### WHAT IS REQUIRED
With the pictures excluded, retype the records that follow exactly.

### INFORMATION SUPPLIED

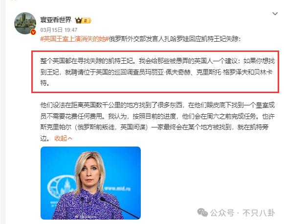 俄罗斯外交部发言人在嘲讽英国国防大臣的时候,说的是 " 凯特王妃到底怎么了?找到了吗?"
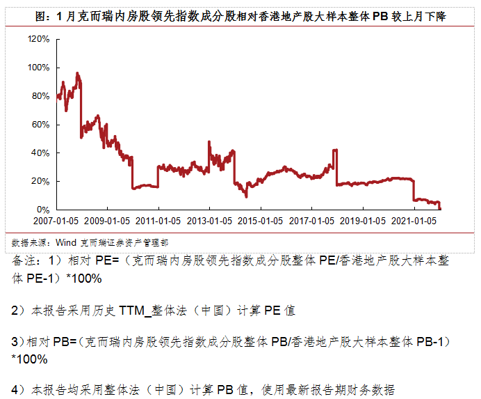 1月克而瑞領先股指上升6.9%,估值維持低位,成分股表現較好。
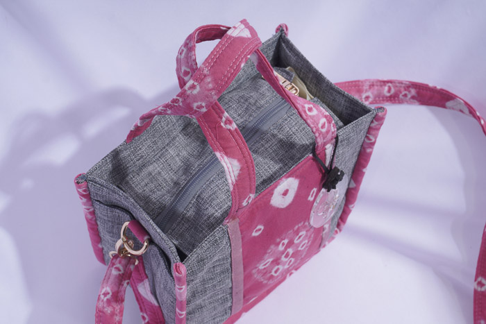 Tas jinjing dari kain semi kanvas kagawa dengan paduan kain jumputan
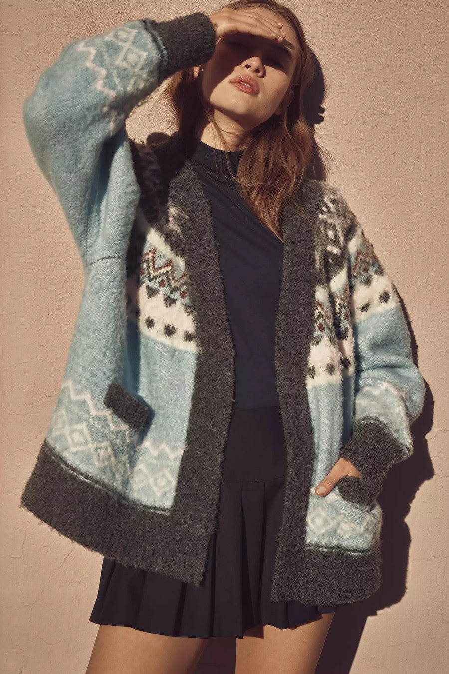 Wrap yourself in timeless elegance with our Fair Isle Cardigan Sweater. Featuring intricate Nordic-inspired patterns and soft, warm hues, it’s the perfect layering piece for cozy days. Designed with a relaxed fit and ribbed detailing, this versatile cardigan pairs beautifully with neutral tones or bold winter accessories for effortless seasonal style.
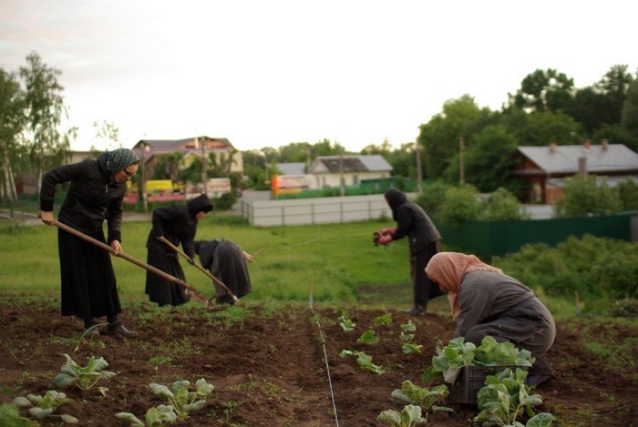 До 1917 г. здесь были построены несколько деревянных корпусов для монашествующих, а также различные хозяйственные постройки: просфорная, снабжавшая почти все городские церкви просфорами, живописная и чеканная, золотошвейная, где монахини шили церковные облачения. Были построены баня, скотный двор. При общине была устроена новая школа со специальной квартирой для учительницы. Ниже холма, близ реки был выкопан пруд для разведения рыбы, а на месте старых берез и ив в 1905 г. разбит плодовый сад. Примечательно, что лучшие городские сады богатейших горожан Астраханцева, Ефремова, Кушева, Эннатского вместе взятые, не могли сравниться ни по площади, ни по количеству фруктовых деревьев с садом общины. На участке земли в 1 десятину 450 кв. саженей произрастало 250 фруктовых деревьев, среди которых особое место занимали анис, антоновка, боровинка скороспелка и др. Интересно, что некоторые сорта плодовых деревьев ни у кого в Чебоксарах больше не выращивались.

### WORKED SOLUTION
 俄罗斯外交部发言人在嘲讽英国国防大臣的时候,说的是 " 凯特王妃到底怎么了?找到了吗?"
 1月克而瑞領先股指上升6.9%,估值維持低位,成分股表現較好。
 Tas jinjing dari kain semi kanvas kagawa dengan paduan kain jumputan
 Wrap yourself in timeless elegance with our Fair Isle Cardigan Sweater. Featuring intricate Nordic-inspired patterns and soft, warm hues, it’s the perfect layering piece for cozy days. Designed with a relaxed fit and ribbed detailing, this versatile cardigan pairs beautifully with neutral tones or bold winter accessories for effortless seasonal style.
 До 1917 г. здесь были построены несколько деревянных корпусов для монашествующих, а также различные хозяйственные постройки: просфорная, снабжавшая почти все городские церкви просфорами, живописная и чеканная, золотошвейная, где монахини шили церковные облачения. Были построены баня, скотный двор. При общине была устроена новая школа со специальной квартирой для учительницы. Ниже холма, близ реки был выкопан пруд для разведения рыбы, а на месте старых берез и ив в 1905 г. разбит плодовый сад. Примечательно, что лучшие городские сады богатейших горожан Астраханцева, Ефремова, Кушева, Эннатского вместе взятые, не могли сравниться ни по площади, ни по количеству фруктовых деревьев с садом общины. На участке земли в 1 десятину 450 кв. саженей произрастало 250 фруктовых деревьев, среди которых особое место занимали анис, антоновка, боровинка скороспелка и др. Интересно, что некоторые сорта плодовых деревьев ни у кого в Чебоксарах больше не выращивались.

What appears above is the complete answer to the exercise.